When you work full-time, going on vacation doesn't just mean getting a chance to sightsee or spend time with family; it also means getting a much-needed escape from the daily grind. By snagging a break from the office, you'll have an opportunity to unwind, decompress, and, ideally, return to your job feeling refreshed and ready to tackle whatever tasks lie ahead.

There's just one problem: For many workers, the idea of taking a vacation itself is stressful. In fact, 79% of employees say that they're the most stressed right before a vacation, according to a survey by project management software provider Wrike.

Unfortunately, pre-vacation stress can all too easily lead to stress during vacation. In fact, a recent survey by the American Psychological Association found that 21% of U.S. adults felt stressed during their time off, and that 28% wound up working more than anticipated while on vacation.

Packed open suitcase with straw hat on top sitting on bed


If the idea of taking time off is stressful to you, it pays to get ahead of the problem before it ruins your vacation. Here are a few things you can do to avoid stress leading up to planned time off.

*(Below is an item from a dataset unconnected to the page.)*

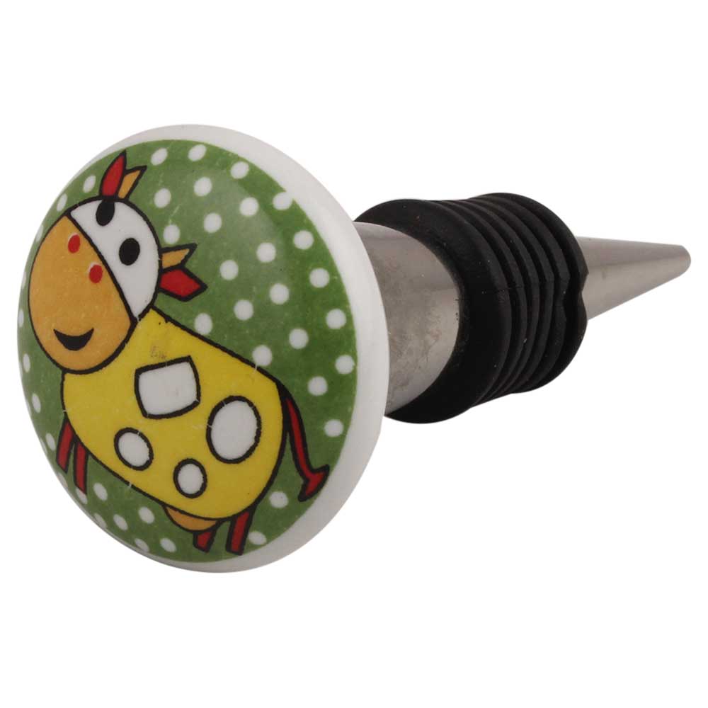 Yellow Cow Flat Ceramic Wine Stopper.zinc alloy wine bottle stopper with attractive Jute Bag Packaging.
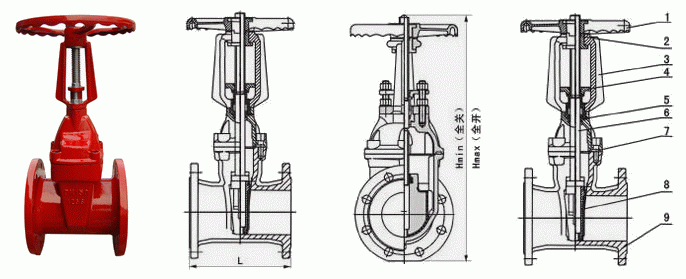 消防专用明杆弹性座封闸阀外形结构图:

1. Plan your vacations strategically

It's natural to feel stressed right before a vacation when you know you're leaving the office for days during one of your busiest periods of the year. That's why it pays to time your vacations to coincide with slower periods at work. Granted, that may be a challenge if you have school-aged children and need to work around their academic calendar, but if that's not the case, figure out when your absence from work is least likely to cause an impact, and schedule your time off then. And if you're not sure, ask your manager to weigh in.

2. Map out your must-do pre-vacation tasks well in advance

The more on top of your work you are leading up to your vacation, the less anxious you're apt to be about getting away. About four to six weeks ahead your vacation, look at your calendar, see what projects are due immediately before or after your scheduled time off, and draw up a schedule that allows you to tackle them beforehand. You might have to work late on occasion to ensure that everything gets done, but if you give yourself that much time to plan everyone out, you won't necessarily find yourself working like crazy the week before your big trip.

3. Ask for support

It's hard to escape the office knowing that no matter how much you prepare in advance, there will still be work piling up while you're gone, not to mention incoming emails and voice mails. The solution? Enlist your colleagues' help. Ask one person to check your inbox and reply to urgent messages on your behalf so that you don't have to do so while you're away. Meanwhile, request that another colleague check and respond to voice mails, and have a third tackle incoming assignments that are timely in nature, but aren't necessarily time-consuming, so that you're not compelled to bust out your laptop when you're supposed to be relaxing.

Many people who take vacation choose not to ask for help because they don't want to burden their co-workers. But as long as you're willing to return the favor, you might as well get that relief.

Stressing out to an unhealthy degree in the weeks leading up to a vacation could negate many of the benefits of that trip. So don't let that happen. A little strategic planning on your part could spare you that anxiety so that the only thing you need to worry about is packing your suitcase.